Glomeruli targeted by TRPM5-expressing OSNs were detected as GFP-positive glomeruli in TRPM5-GFP mice. (A and B) Whole-mount images showing GFP-positive axons and targeted glomeruli in medial (A) and lateral (B) surfaces of the olfactory bulb. (C) A transverse section showing GFP-positive glomeruli. A line drawn through the subventricular zone is the axis used to map glomeruli in D and E. m, medial; l, lateral. (D) A representative 2D map showing location of GFP-positive glomeruli along the rostrocaudal distance and angle around the transverse section. (E) A pseudocolor rendering of the average number of glomeruli in bins of 10° and 72 μm (average from six bulbs), showing that the highest density of GFP-positive glomeruli was located in the ventral region of the bulb. (F–H) Representative glomeruli that were activated by the pheromone DMP (F), the sex-specific odorant MTMT (G), and soiled bedding from a mating pair (H). Activated glomeruli were identified by numerous Fos-expressing periglomerular neurons (red). GFP antibody immunohistochemistry was used in C and F–H. (Scale bars: A and B, 1 mm; C, 100 μm; F–H, 20 μm.)

Fig. 5.

EOG recordings from wild-type (TRPM5 +/+) and TRPM5 knockout (TRPM5 −/−) mice. (A) Representative EOG traces. (B) Average peak EOG responses to different odors (n = 4–12). There was no significant difference between knockout and control (P < 0.7 for ANOVA).
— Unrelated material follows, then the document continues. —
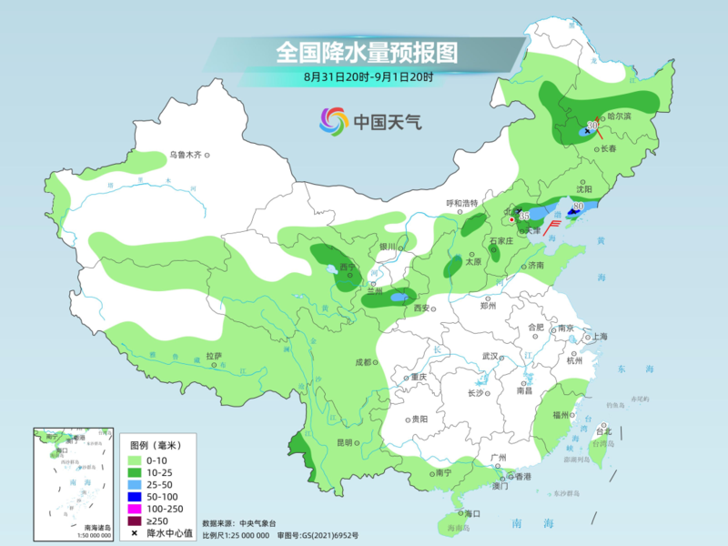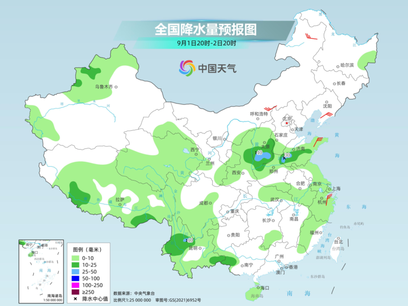 9月2日至4日,西北地区东部、华北北部、东北等地自西向东还将先后有小到中雨或阵雨过程,局地有大雨或暴雨。

All odorants were presented at 100 μM in Ringer's, and forskolin was presented at a concentration significantly below saturation (20 μM). A 1 mM concentration of 3-isobutyl-1-methylxanthine (IBMX) elicited a saturating response (≈4 mV; data not shown). (C) In wild-type mice, the ACIII inhibitor SQ33256 (300 μm) suppressed EOG responses induced by forskolin (an ACIII activator) and lilial to a larger extent than responses induced by the pheromones 2-heptanone and DMP (n = 4). This differential inhibition disappeared in the knockout animals. A mixed ANOVA with mouse strain and odor as fixed factors and mouse as a random effect yielded a P value of 0.036 for a strain–odor interaction. Post hoc Tukey–Kramer tests showed that the difference in inhibition between forskolin or lilial and the pheromones DMP and 2-heptanone is not significant in the knockouts (post hoc P values >0.05 in the knockout and <0.05 in the controls). Error bars are SEM.